Given South Africa’s population of 55.4 million people, its total $94.4 billion in 2019 exports translates to roughly $1,500 for every resident in the relatively wealthy African nation.
South Africa’s Top 10 Exports
- Top 10
The following export product groups represent the highest dollar value in South African global shipments during 2019. Also shown is the percentage share each export category represents in terms of overall exports from South Africa.
- Gems, precious metals: US$15.3 billion (17% of total exports)
- Ores, slag, ash: $13.1 billion (14.5%)
- Vehicles: $11.4 billion (12.7%)
- Mineral fuels including oil: $9.1 billion (10.1%)
- Machinery including computers: $5.5 billion (6.1%)
- Iron, steel: $5.4 billion (6%)
- Fruits, nuts: $3.4 billion (3.8%)
- Aluminum: $1.8 billion (2%)
- Electrical machinery, equipment: $1.7 billion (1.9%)
- Plastics, plastic articles: $1.4 billion (1.6%)
South Africa’s top 10 exports accounted for about three-quarters (75.6%) of the overall value of its global shipments.
Ores, slag and ash was the fastest grower among the top 10 export categories, up by 11.1% since 2018. In second place for improving export sales was vehicles thanks to a 5.6% gain.

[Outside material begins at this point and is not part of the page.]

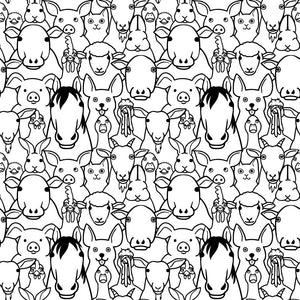 The Black and White Packed Cartoon Farm Animal Faces Fabric is a part of the Animal Fabric Collection printed by Sew Creative Fabrics. Digitally Printed on 100% cotton.

South Africa’s shipments of plastics including articles made from plastic posted the third-fastest gain in value up by 0.01%.
The leading decliner among South Africa’s top 10 export categories was iron and steel which fell -14.8% year over year.
Note that the results listed above are at the categorized two-digit Harmonized Tariff System (HTS) code level. For a more granular view of exported goods at the four-digit HTS code level, see the section Searchable List of South Africa’s Most Valuable Export Products further down near the bottom of this article.
Searchable List of South Africa’s Most Valuable Export Products
The following searchable table displays 100 of the most in-demand goods shipped from South Africa during 2019. Shown beside each product label is its total export value then the percentage increase or decrease since 2018.
These 100 exported goods were worth a subtotal of US$72.6 billion or 80.5% by value for all products exported from South Africa during 2019.
In macroeconomic terms, South Africa’s total exported goods represent 11.2% of its overall Gross Domestic Product for 2019 ($809 billion valued in Purchasing Power Parity US dollars). That 11.2% for exports to overall GDP per PPP in 2019 compares to 12% one year earlier, seeming to indicate a slightly decreasing reliance on products sold on international markets for South Africa’s total economic performance.
Another key indicator of a country’s economic performance is its unemployment rate. South Africa’s average unemployment rate was 27.855% for 2019 compared to 27.125% in 2018, according to the International Monetary Fund.